Carraway Seed Company is issuing a $1,000 par value bond that pays 12 percent annual interest and matures in 9 years. Investors are willing to pay $930 for the bond. Flotation costs will be 12 percent of market value. The company is in a 38 percent tax bracket. What will be the firm's after-tax cost of debt on the bond? The firm's after-tax cost of debt on the bond will be
​Fitzgerald's 35​-year bonds pay 11 percent interest annually on a ​$1,000 par value. If the bonds...
​Fitzgerald's 35​-year bonds pay 11 percent interest annually on a ​$1,000 par value. If the bonds sell at $875​, what is the​bond's yield to​ maturity? What would be the yield to maturity if the bonds paid interest​ semiannually?
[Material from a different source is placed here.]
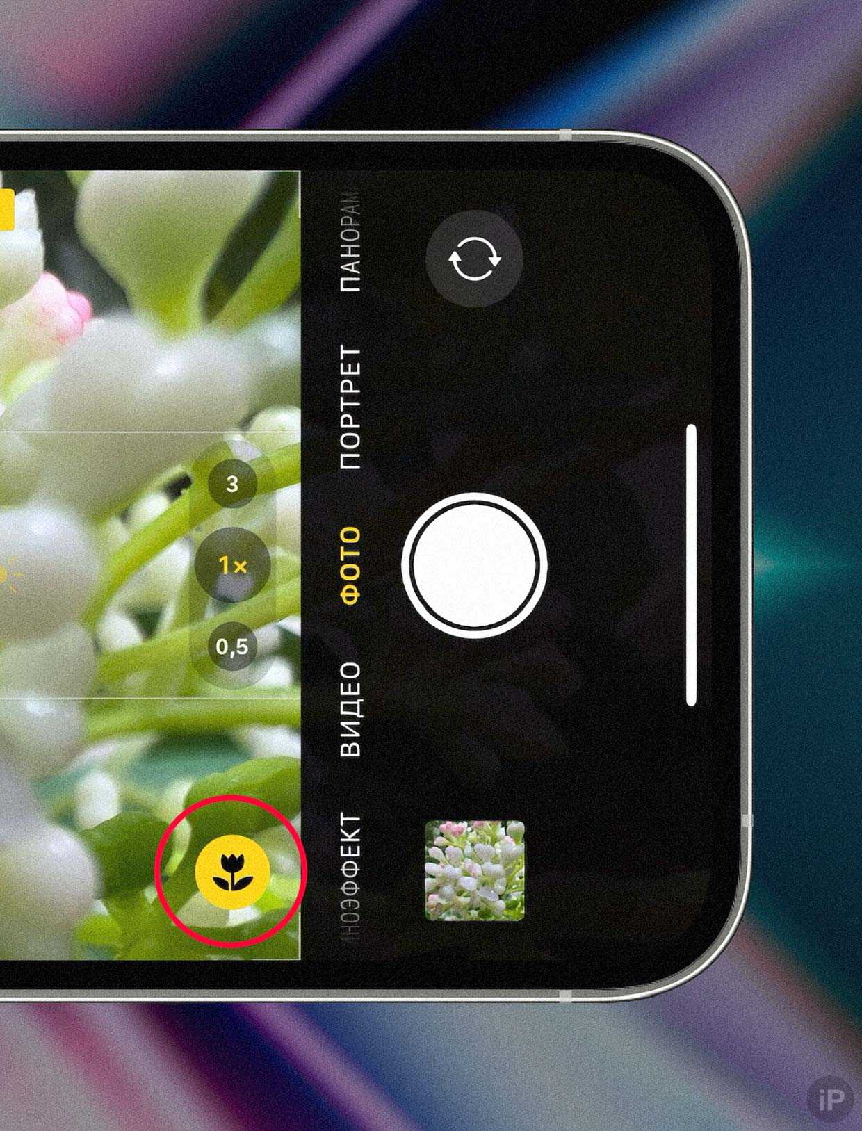 После открытия Камеры поднесите смартфон максимально близко к объекту, и программа автоматически перейдёт в режим Макро.

Explain the difference. a. The​ bond's yield to maturity if the bond pays interest annually is __​%. The bonds yield to maturity if the bond pays interest semiannaually is __
An investor purchases a 6-year, $1,000 par value bond that pays semiannual interest of $12. If...
An investor purchases a 6-year, $1,000 par value bond that pays semiannual interest of $12. If the semiannual market rate of interest is 5%, what is the current market value of the bond? Inc. purchased a multi-color offset press with terms of $65,000 to be paid at the date of purchase, and a noninterest-bearing note requiring payment of $50,000 at the end of each year for three years. The interest rate implicit in the purchase contract is 11%. Inc. would...
ADVERTISEMENT
Need Online Homework Help?

Get Answers For Free
Most questions answered within 1 hours.